Rappahannock Electric Cooperative worked with Burns & McDonnell to simulate load flows in order to develop a digital model that would assist in understanding the correlations between loading, load flow and losses within the system.
Rappahannock Electric Cooperative (REC), Fredericksburg, Va. has long known that the kilowatt hours it purchases are not equal to the kilowatt hours it sells. Could this discrepancy be caused by system line losses or could other factors, such as theft, be the cause?
These questions led to a detailed line loss analytics project in partnership with Burns & McDonnell, an engineering and construction firm based in Kansas City, Mo. The goal was to gain an accurate and in-depth understanding of this persistent issue by creating several digital dashboards that would give REC employees the ability to maintain an easy-to-understand visual display of actual system performance in near real time.
Thanks to project results, the dashboards and related insights produced by this analytic journey are helping REC gain understanding of its system losses, generating cost reductions that will benefit members.
Building a Model
As with so many complex systems, building a digital model was crucial to understanding REC’s transmission and distribution system. The Burns & McDonnell team worked with REC to simulate load flows in order to develop a digital model that would assist in understanding the correlations between loading, load flow and losses within the system. The simulations are based on large volumes of data, which include loss reports, voltage values and precise loading ranges for each node.
As regularly refreshed data became available, it was analyzed and uploaded to visualization programs to assist with validation methods and provide feedback that would lead to improvements and efficiencies.
The team used computational platforms to derive key data associations within the model. This was necessary to manage the massive volume of data that was being fed into the model, and it helped yield insights into critical associations. The platforms were especially helpful in situations when actual data from circuits and other sources were not available.
Engineering and Data Science
With a system-level model in hand, the team turned to integrating several large and previously disjointed datasets. A full range of system operational and control data generated by the supervisory control and data acquisition (SCADA) system was a critical foundation. Additional data from automated metering infrastructure (AMI) and metering data management (MDM) systems were then overlaid to gain additional insights into a technical loss analysis that identified loading of the electrical infrastructure at specific periods. This provided a picture of the varying ranges of voltage flow over the distribution circuits system-wide.
The data science element of the project focused on providing the deeper insight needed to understand potential causes of system-level losses. It was understood, prior to the project, that a number of factors could be driving these losses. For this step, the team engaged in a deeper investigation using advanced analytics algorithms designed to explore the relationships between SCADA, AMI and MDM systems for detection of unmetered loads, losses from system conditions such as impedance, or possible energy theft.

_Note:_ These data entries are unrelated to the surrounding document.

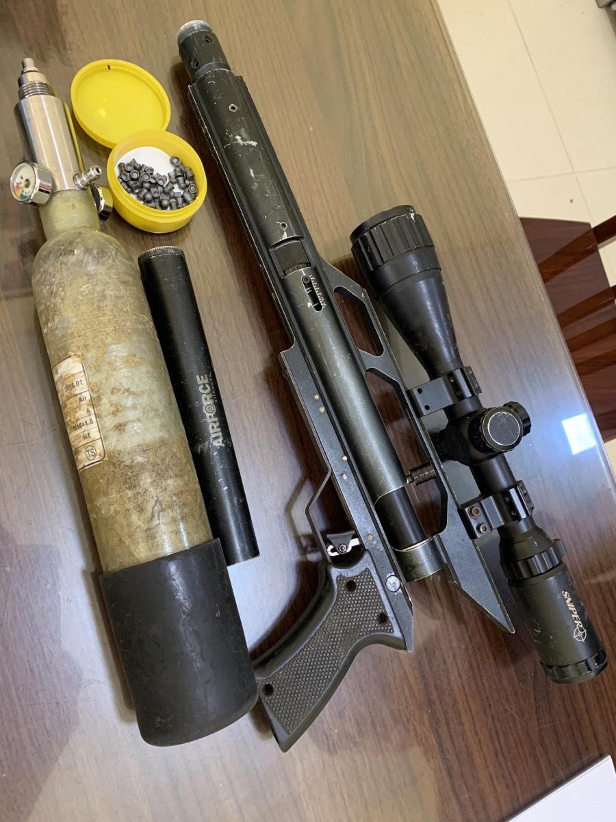 Qua kiểm tra, 3 người cho biết là đi bắn chim. Kiểm tra cốp xe, lực lượng chức năng phát hiện 1 khẩu súng hơi và 51 viên đạn chì hình nấm.
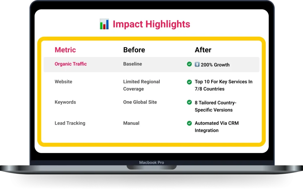 We conducted in-depth search behaviour mapping across all 8 countries, identifying high-intent keywords per market. This laid the groundwork for localized SEO content plans with measurable ROI.
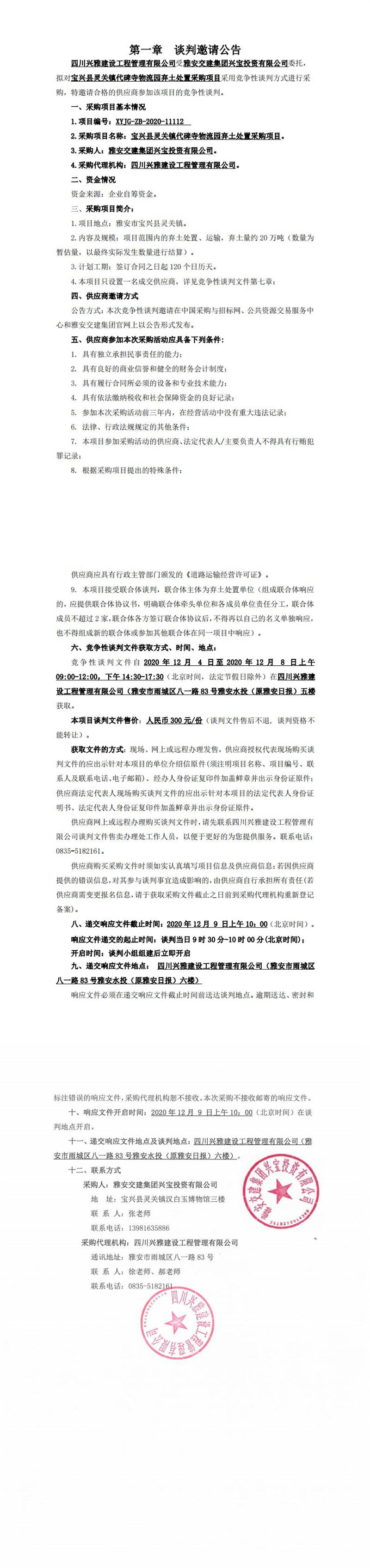 雅安交建集團(tuán)興寶投資有限公司寶興縣靈關(guān)鎮(zhèn)代碑寺物流園棄土處置采購項目談判公告
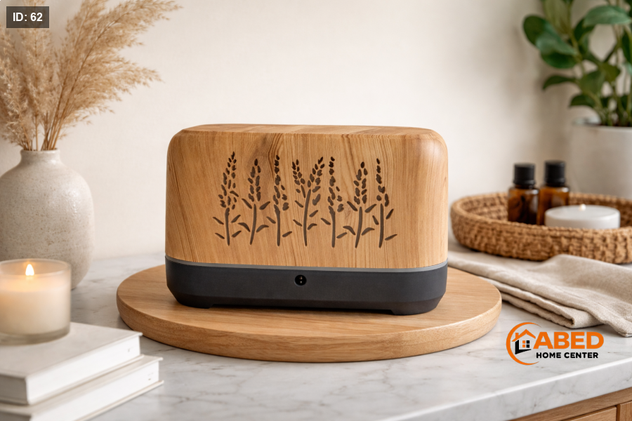 مبخرة عصرية بتصميم خشبي أنيق، تطلق بخاراً معطرًا ليملأ المكان برائحة هادئة وأجواء دافئة ✨🌿

The models built for the engineering analysis (to simulate the network) helped the data scientists gain understanding of customer profiles and the different circuits that fed power to certain large commercial customers or residential areas. Based on these models, algorithms were built to help analyze correlations.
Unusual Energy Usage
The essential question for the team was: What is driving the usage jumps? If AMI readings exceeded average levels of kilowatt-hour usage, it was a clue to dig deeper. If it was a residential meter, could the spike have been caused by electric vehicle charging? If commercial or industrial meters showed unusual power consumption, other possible explanations were explored.
This portion of the project involved reviewing the billing data from wholesale energy purchased at the transmission delivery point in comparison to cleansed retail billing data. This comparison was a key step in analyzing how much energy REC was losing on its system. From a billing perspective, the assumption was that unsold energy is considered a loss to REC.
Accounting for Unmetered Loads
Data generated by AMI and SCADA fed algorithms to identify locations where energy losses were occurring. The algorithm used AMI data generated for each circuit — along with power flow estimates from the engineering technical study — to create estimates of the data that would likely have been generated by SCADA systems. These loading estimates were incorporated into the algorithm to further refine the portion of energy load that was not accounted for by metering data. These estimates were derived by other methods as well, including AMI to phase matching, AMI to transformer associations, and other methods aimed at approximating the source SCADA levels.
It is typical for utilities to have contracts and rates for customers that set up monthly or other periodic billing cycles based on kilowatt-hours used, instead of energy consumption on an hourly basis. This factor was a challenge for this project because it required formulating a method to accurately estimate the losses and loads for given periods of time.
The project has provided REC with many actionable insights into the different functions of load and losses indicative of its system. This has resulted in alignment of core systems for a precision approach to prioritizing and reducing losses in the future.
The project involved stepping back for a macro view of some basic questions such as: What is the correlation between AMI and SCADA? What does the line loss look like? Ultimately, the goal is to make all the puzzle pieces fit so that a complete picture emerges.
Overall, the project provided a detailed understanding of how and when losses were occurring, as well as a granular view of system performance from delivery point, substation and circuit at various times that could provide clues to help solve the puzzle.
Those calculations are driving insights into many factors that will sustain prudent management of wholesale power costs at the cooperative electric utility for member-owners.